So, can we finally acknowledge that poorly targeted environmental activism does nothing but prevent you from finding a job?

The government should sue/charge the 355 org with the amount that was lost for jobs. Simple.
Everything else is anti-American. ( and I’m not even American)

BC Bill

As a Canadian, I can’t understand why we had to ship our crude to the U.S. for processing. I thought economics says that it is more profitable to ship finished goods. What makes this even stranger is that Alberia, the source of the oil, is mostly (I exagerate, but not much) inhabited by Alberticans (American oil workers) and most of the companies involved in crude extraction are American or multinational, so the profit from oil extraction leaves the country anyway. Therefore, this crude export was all about creating American jobs. Alberian crude was going to go to Texas to create U.S. jobs in refining. Maybe if we sell to China, the laws of economics will apply and we will be allowed to sell semi-finished commodity to them. It would be against the Canadian national psyche to sell a fully finished product.

peter miller

The inevitable reaction to gross economic stupidity is to find an alternative. Emigrate, or find a new market and that’s just what is happening here. The only loser here is the USA – tens of thousands of jobs gone and loss of economic security – how stupid can you get?
I guess this is further evidence of the peaking and start of the ultimate decline of the USA, when dubious, economically disastrous, arguments win the day and vacillating presidents do the wrong thing hoping to win a few more votes.
I suppose the 20-50,000 who will not have a job because of this are supposed to feel warm and fuzzy about their sacrifice at the altar of the false God of Green,
Winston Churchill used to say:”You can always rely on the Americans to do the right thing – eventually!” In this case, I fear it will be too late.

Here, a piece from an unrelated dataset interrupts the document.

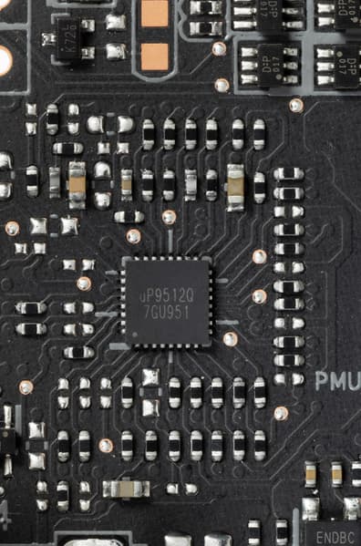 На той же стороне имеется ШИМ-контроллер uPI Semiconductor uP9512Q, который управляет 4-фазной схемой питания микросхем памяти.
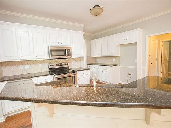 - Kitchen Features: Cabinets White, Breakfast Bar, Pantry, Breakfast Room, Eat-in Kitchen, Solid Surface Counters, Stone Counters, View to Family Room, Kitchen Island

But he got what HE wanted, and seeing how his fantasy includes holding the Green moral High Ground, He is self-assured that his victory is pure. Hugh Pepper, please, don’t rush to Bill’s defence again…the man is indefensible.

Jesse

I am sick and tired of radical environmentalists running our government. If they want to turn their own clock back 200 years, it’s okay with me. But don’t force the rest of us to follow along. There is plenty of places they could go to live like “mountain men”, so why don’t they just do it? Oh, I forgot, they couldn’t live without their cell phones, televisons, computers, air conditioning, electric lights, refrigerators, stoves, and automobiles.

MarkW

Actually, this move will increase CO2 production, as it will take more energy to move that oil all the way to China.

Johnny L

When Israel hits Iran and the Strait of Hormuz gets closed and when Chavez pegs off in the next few months leaving a potential civil war in Venezuela in its wake and oil is at $200+ a barrel and gasoline is $10 a gallon (if you can find it) in the US, methinks that the average US citizen will not be amused.

Pull My Finger

Actually worse than nothing consdiering all the CO2 emitted getting the oil to China who will certainly burn it with fewer precautions than the US has in place.
Why do these morons want to destroy their own country?

Johnny L

BC Bill….if you think that the economics of refining the product in Alberta (or Canada for that matter) wasn’t considered you haven’t been paying attention. It is not economical to do so….you need many pipelines to move highly volatile refined products to their market. The capital outlay is enormous, the margins are small.
Furthermore, Shell had proposed to build a multi-billion dollar refinery to refine oilsands oil in Sarnia but abandoned the project in 2008 due to economics and heavy pushback by environmentalists and first nations.

Mike from Canmore

Don’t underestimate the power of Tides Foundation, Suzuki et al to put the coastal pipeline into an overly burdensome “environmental” review

Juice

It’s going to be burned somewhere, and likely it will be burned dirtier, somewhere with fewer environmental regulations. You win this time “environmentalists.”

P Walker

We can thank our Waffler-in-Chief for this . Is there any hope left for this country ?

Schitzree

Will no one rid us of these turbulent climate priests?
(I mean get them out of our government and universities. Please don’t start threatening the lives of Climate Criers. Were not 10-10 after all)

Paul Westhaver

Canada has backed away from Kyoto as has Japan and China and the USA were never signatories.
Obama, in service to hi reelection campaign needs the support of the extreme left since he is at 40% approval in the polls. So he shortsightedly and suicidally chose to disable the pipeline.
I feel sorry for my American friends. However you have only yourselves to blame for this one. Obama is YOUR president and he is blocking the oil pipeline from you.
Canada will sell the oil to the available markets, China being one of many and USA will have to receive the oil via tanker of some other method that gives you no advantage. He handed a beating stick to the republicans, and the leftists are never really satisfied anyway.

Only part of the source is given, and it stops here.